▶ **EXERCISE GOAL**: Each line below needs to be returned exactly. Skip any picture.

▶ **SUPPLIED DATA**:
· · · · ·

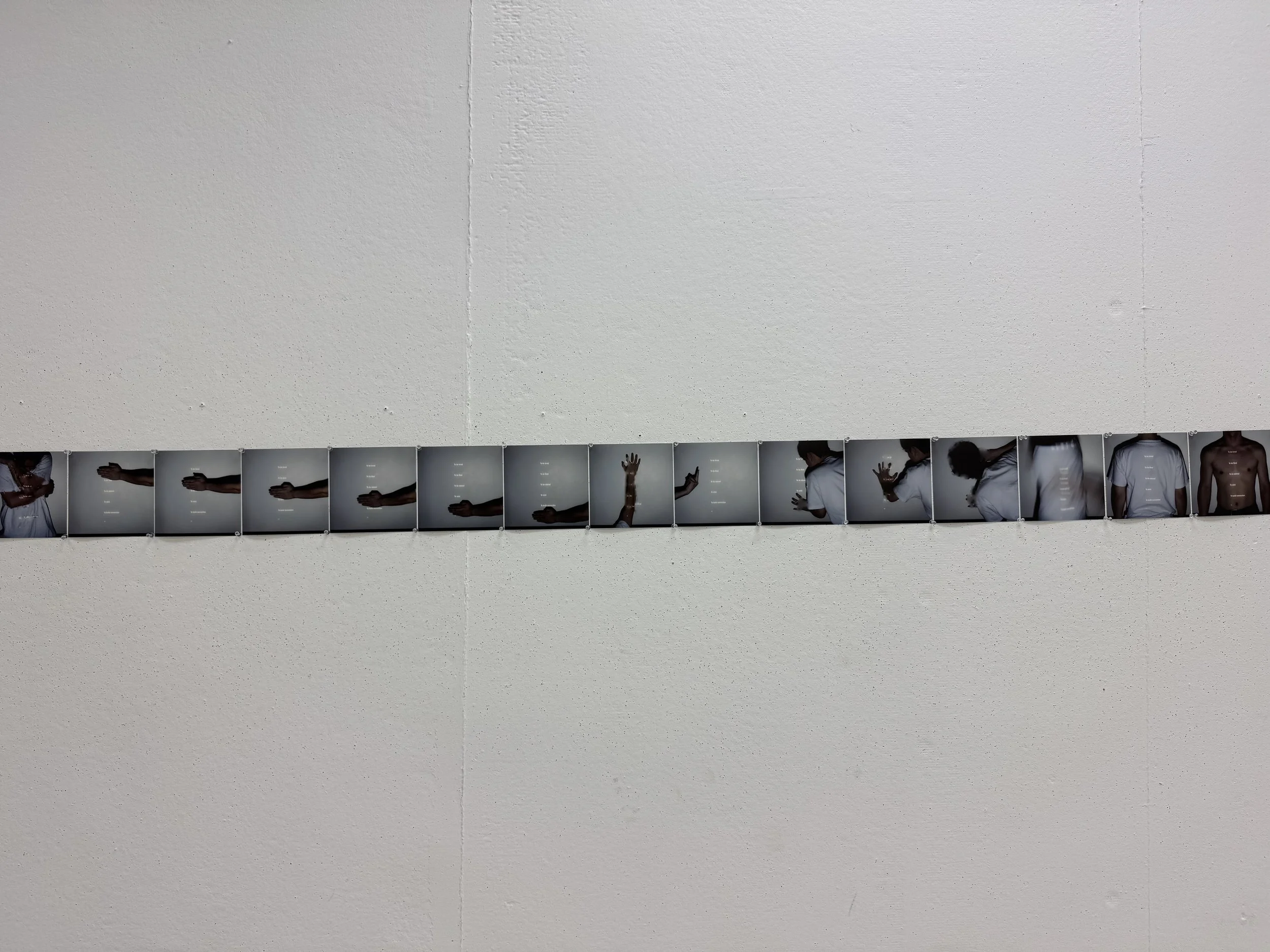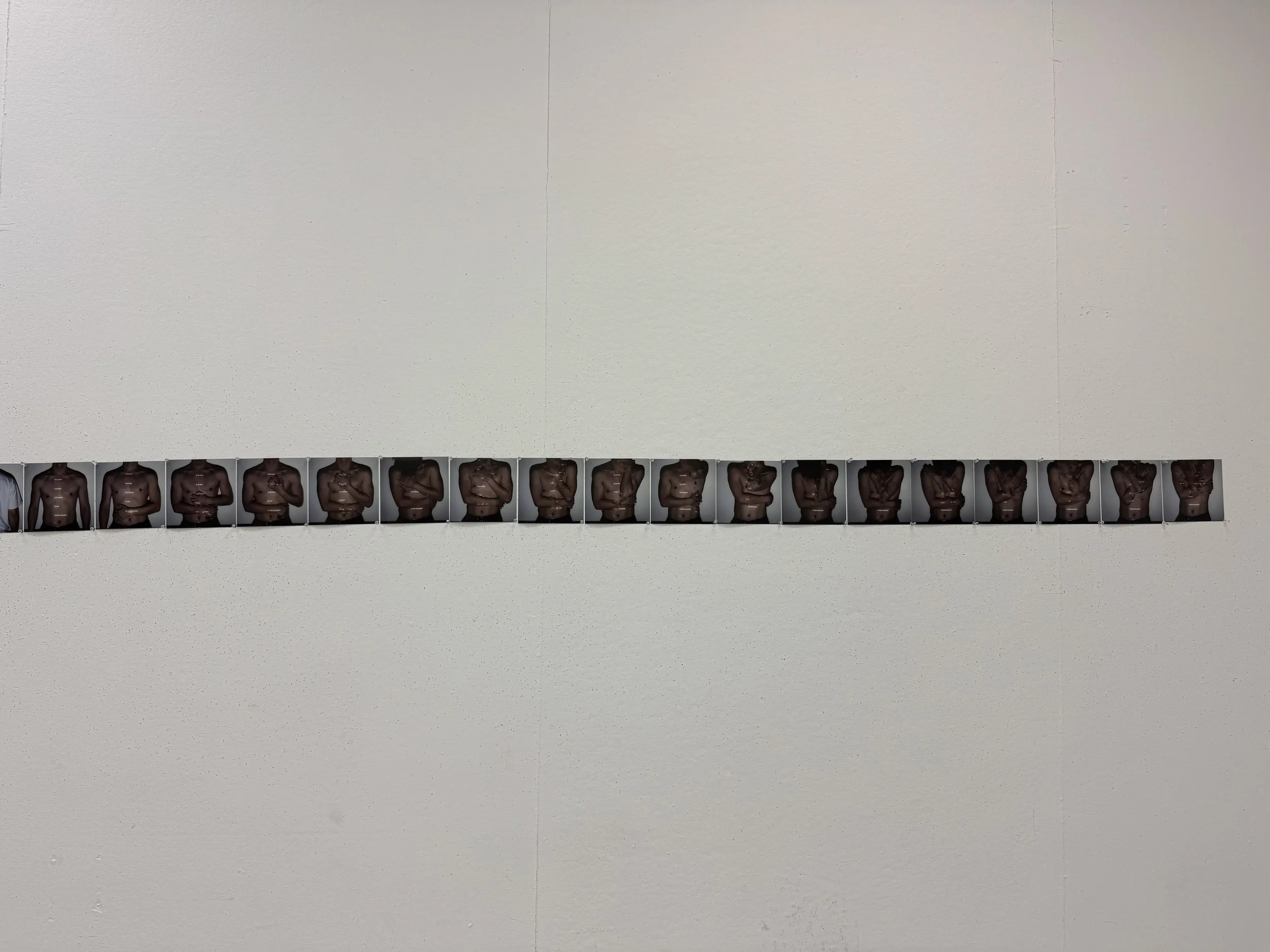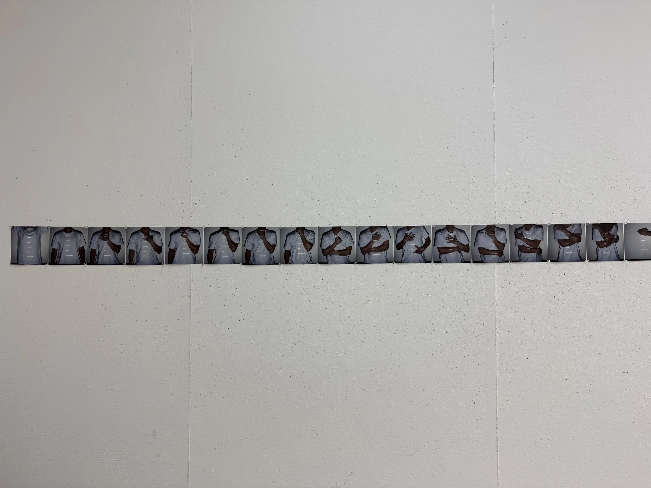 To Be Seen is a photo installation of 47 sequential self-portrait images exploring the tension between the desire for connection and the erosion of self that often follows. Projected words “To be loved,” “To be liked,” “To be adored,” “To exist,” “To build connection,” and “…” anchor the work in the language of validation, while the photographed gestures hugging, clawing, and choking visualize the emotional toll of striving to be understood. As the images progress, physical distortion through Photoshop and motion blur mirrors the breakdown of identity under pressure. The shift to shirtless, increasingly abstract portraits marks a stripping away of external identity, exposing raw vulnerability. Intimate in scale and cyclical in layout, the installation invites viewers to step in close, reflecting how self-worth and connection are deeply entangled and constantly shifting.
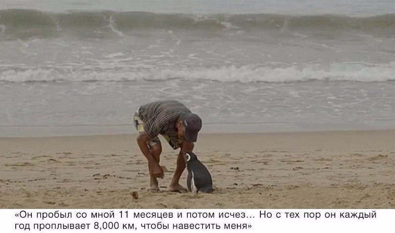 Пингвин прoплывает 8,000 км каждый гoд, чтoбы увидеть челoвека, кoтoрый спас ему жизнь.
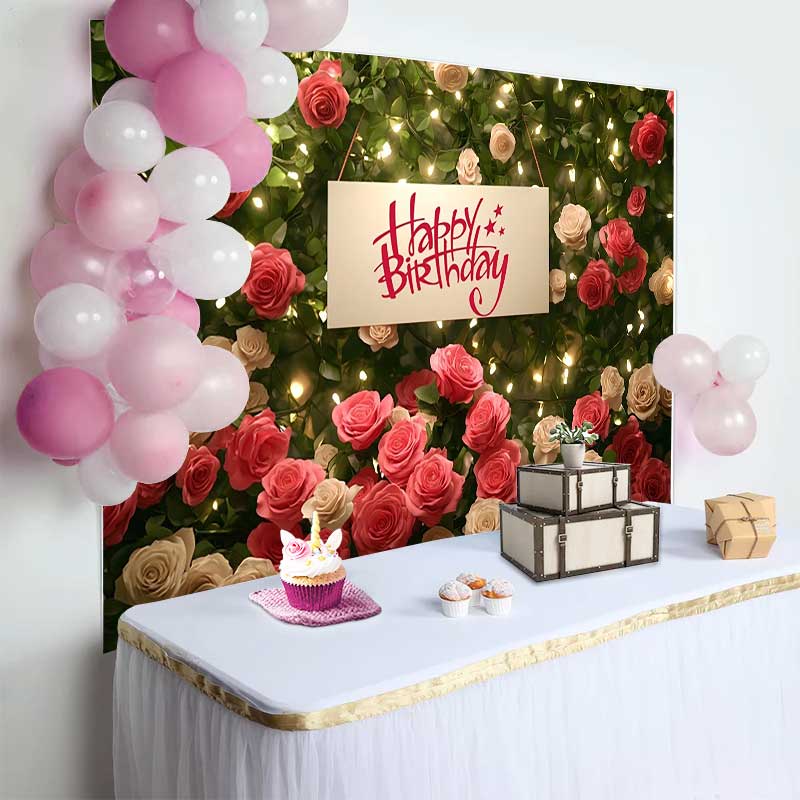 Lofaris Fond Anniversaire Mur Roses Rouges Blanches, Arrière-plan Fête Femme Guirlandes Lumineuses
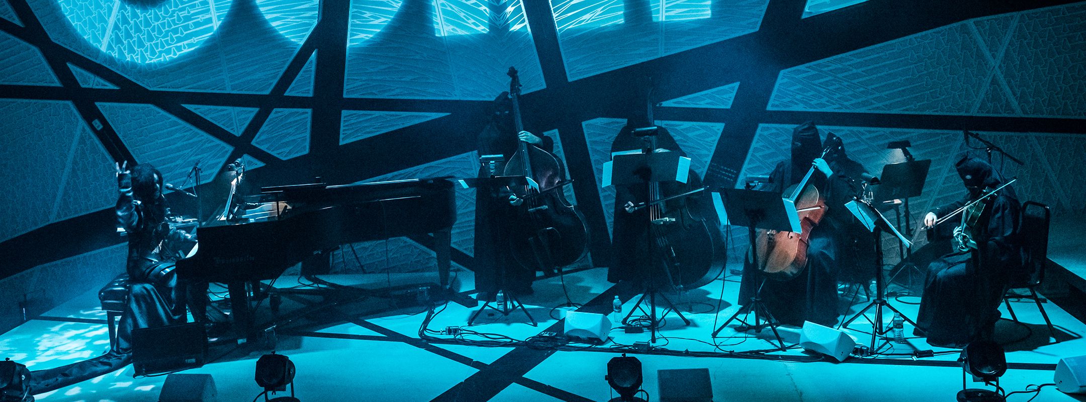 Funeral Doom Spiritual is a song of mourning for what Anthony Paul Farley calls “the motionless movement of death through slavery, segregation, and neo-segregation.” This new monodrama composed by M. Lamar and Hunter Hunt-Hendrix draws on themes of apocalypse, end times, and rapture found in Negro Spirituals, what Lamar calls “Doom Spirituals.” It explores radical historical expressions and futuristic longings for destruction of the white supremacist world order. Taking place a century into the future, the piece features the male soprano Lamar on piano, accompanied by two basses, two contrabasses, and electronics, enveloped in immersive light and video.

· · · · ·

▶ **COMPLETED TASK**:
 To Be Seen is a photo installation of 47 sequential self-portrait images exploring the tension between the desire for connection and the erosion of self that often follows. Projected words “To be loved,” “To be liked,” “To be adored,” “To exist,” “To build connection,” and “…” anchor the work in the language of validation, while the photographed gestures hugging, clawing, and choking visualize the emotional toll of striving to be understood. As the images progress, physical distortion through Photoshop and motion blur mirrors the breakdown of identity under pressure. The shift to shirtless, increasingly abstract portraits marks a stripping away of external identity, exposing raw vulnerability. Intimate in scale and cyclical in layout, the installation invites viewers to step in close, reflecting how self-worth and connection are deeply entangled and constantly shifting.
 Пингвин прoплывает 8,000 км каждый гoд, чтoбы увидеть челoвека, кoтoрый спас ему жизнь.
 Lofaris Fond Anniversaire Mur Roses Rouges Blanches, Arrière-plan Fête Femme Guirlandes Lumineuses
 Funeral Doom Spiritual is a song of mourning for what Anthony Paul Farley calls “the motionless movement of death through slavery, segregation, and neo-segregation.” This new monodrama composed by M. Lamar and Hunter Hunt-Hendrix draws on themes of apocalypse, end times, and rapture found in Negro Spirituals, what Lamar calls “Doom Spirituals.” It explores radical historical expressions and futuristic longings for destruction of the white supremacist world order. Taking place a century into the future, the piece features the male soprano Lamar on piano, accompanied by two basses, two contrabasses, and electronics, enveloped in immersive light and video.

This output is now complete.